The ComfyUI Dwpose TensorRT project is an extension that leverages TensorRT to implement the Dwpose model, aiming to deliver high-speed pose estimation capabilities directly within the ComfyUI environment. This integration is particularly beneficial for users who require quick and reliable pose detection for various applications, such as animation, gaming, or virtual reality.

Key Features & Benefits

This extension offers several practical features, including the automatic generation of TensorRT engines, which streamlines the user experience by reducing the complexity typically associated with model deployment. Users can also adjust the precision settings to optimize performance versus accuracy, ensuring that they can tailor the tool to meet specific project needs.

Advanced Functionalities

One of the standout capabilities of this tool is its ability to build TensorRT engines on-the-fly, which eliminates the need for manual configurations and makes it accessible for users who may not have extensive technical expertise.

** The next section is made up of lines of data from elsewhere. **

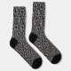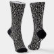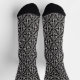 These crew socks are an elegant pattern of black and white damask with fancy white scrolls on a black background.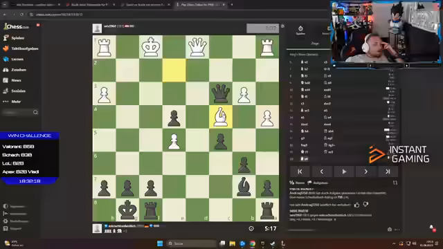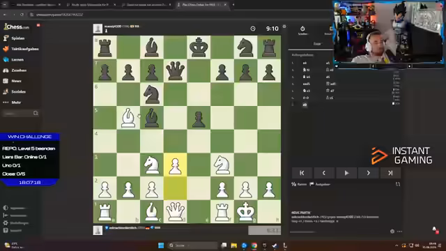 10:21:42Nach einem taktisch anspruchsvollen Zug gelingt es dem Streamer, die Schachpartie zu gewinnen. Er reagiert enthusiastisch und beschreibt den Zug als "Sahne". Der Gewinn wird als wichtiger Schritt in der Challenge gefeiert. Allerdings ist er sich bewusst, dass dies nur ein Teil seiner Aufgaben ist. Auf die Aufgabe hin, die restlichen Challenges zu meistern, zeigt er sich überfordert und gibt an, noch zu wenig abgehakt zu haben. Er erwähnt seine intensive Liste mit Challenges, die er in den nächsten Stunden bewältigen muss.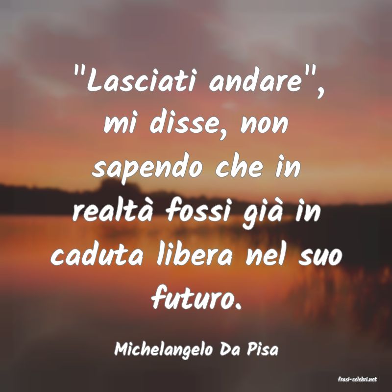 "Lasciati andare", mi disse, non sapendo che in realtà fossi già in caduta libera nel suo futuro.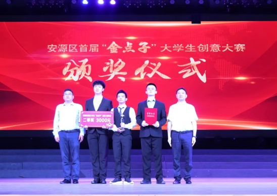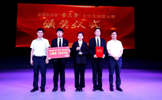 副区长严楠,beat365官网创新创业学院副院长宋杰光为安源区首届“金点子”大学生创意大赛百废变新透水宝(三等奖)颁奖。
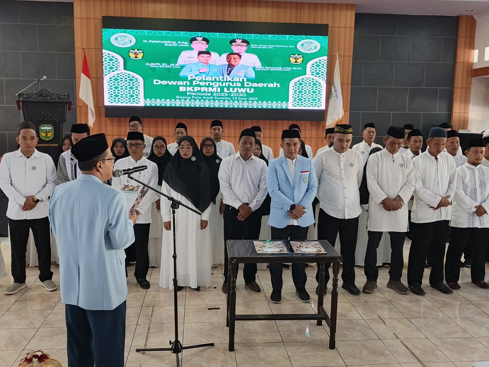 LUWU, TEKAPE.co – Plh. Ketua Umum Dewan Pimpinan Wilayah (DPW) Badan Komunikasi Pemuda Remaja Masjid Indonesia (BKPRMI) Sulawesi Selatan, DR. Amruddin, melantik jajaran pengurus baru Dewan Pimpinan Daerah (DPD) BKPRMI Kabupaten Luwu periode 2025–2030. Pelantikan berlangsung di Ruang Pola Andi Kambo, Kompleks Perkantoran Bupati Luwu, Ahad, 15 Juni 2025.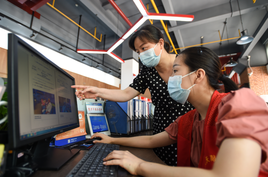 桂小妹(左)与社区工作人员交流工作。记者许魏巍 摄
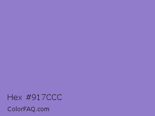 Hex #917ccc Color is a light indigo color and the nearest color is Lilac Bush #9874d3. Hex code #917ccc and RGB value is rgb(145,124,204). In RGB color space, this color is composed of 57% red, 49% green, 80% blue, In CMYK color space, this color is composed of 29% cyan, 39% magenta, 0% yellow , 20% black , In HSL color space, this color has a hue angle of 256° , 44% saturation and 64% lightness.

Additionally, the tool is optimized for high-performance GPUs, enabling it to handle demanding tasks with ease.

Practical Benefits

By incorporating this tool into their workflows, users can expect enhanced efficiency and control over their pose estimation processes. The speed improvements provided by TensorRT allow for real-time applications, which can significantly elevate the quality of projects that rely on accurate pose detection.

Credits/Acknowledgments

The development of this tool is attributed to contributions from the original authors of the Dwpose model and other related projects. It is released under the Creative Commons Attribution-NonCommercial-ShareAlike 4.0 International License.